Her breath catches and her eyes darken with desire as she starts to take a step toward me before she catches herself.

It’s impressive seeing how she reels herself back, squaring her jaw, straightening her shoulders, and narrowing her eyes.

She’s good, but even she can’t hide the want when she looks at me and lets out a shaky breath.

“Been there, did that, got the—”

“Sixty-three orgasms to show for it,” I finish for her.

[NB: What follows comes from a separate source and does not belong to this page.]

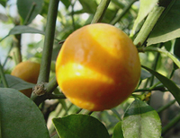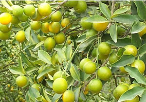 金柑是我國(guó)的傳統(tǒng)名果之一,在華南數(shù)省和長(zhǎng)江流域均有分布。我省藍(lán)山縣栽培金柑已有140多年的歷史,面積達(dá)2000多畝,為我省重要的金柑生產(chǎn)基地。 藍(lán)山金柑,又名藍(lán)山金彈,為大果型良種,具有四大突出優(yōu)點(diǎn):果實(shí)佳,用途廣,耐貯運(yùn),銷路好,樹(shù)形矮小,分枝密集;便于管理,適于密植;生長(zhǎng)快,結(jié)果早,產(chǎn)量高;受凍后恢復(fù)生長(zhǎng)結(jié)果快,經(jīng)濟(jì)損失小,因而久負(fù)盛名。 金柑果實(shí)。有特殊芳香,營(yíng)養(yǎng)豐富,既可生食,又宜加工成金錢桔餅、金錢花或金錢罐頭等;食之有順氣潤(rùn)肺、化痰止咳、促進(jìn)消化、強(qiáng)壯身體之功。對(duì)治療氣管炎和哮喘病有良好效果,深受國(guó)內(nèi)外市場(chǎng)歡迎。

“I was going to say ‘T-shirt,’?” she says half a second before her cheeks go three shades brighter.

I know exactly what she’s remembering. Our shopping trip in Vegas. I’d sat outside the changing space in the private dressing room reserved for VIPs. The sales assistant had dropped off several outfits before closing the door and leaving us alone.

“Erik,” LeLe says, her voice low and breathy. “Stop it.”

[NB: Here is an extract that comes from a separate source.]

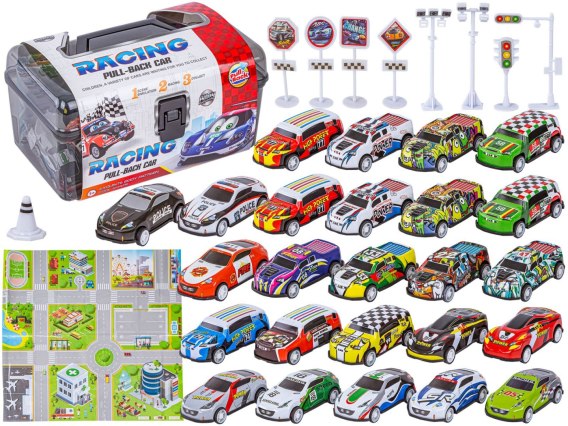 Auta Resoraki 25 Szt. Samochody w kuferku + Podkładka + Akcesoria, Zestaw samochodów wyścigowych

“What?” I ask as if I don’t know. “I’m just standing here, not doing a damn thing. I’m not touching you. Or kissing you. Or asking you to try on another outfit.”

In Vegas, LeLe had tried on one dress after the other, each one getting smaller and smaller.

She’d strut close to the chair where I sat and do a three-sixty just out of my reach, teasing me with what I could almost see and touch.

I played along until she came out of the changing space in a distressed, threadbare designer T-shirt masquerading as a dress that gave me a new appreciation for the bottom curve of a woman’s ass.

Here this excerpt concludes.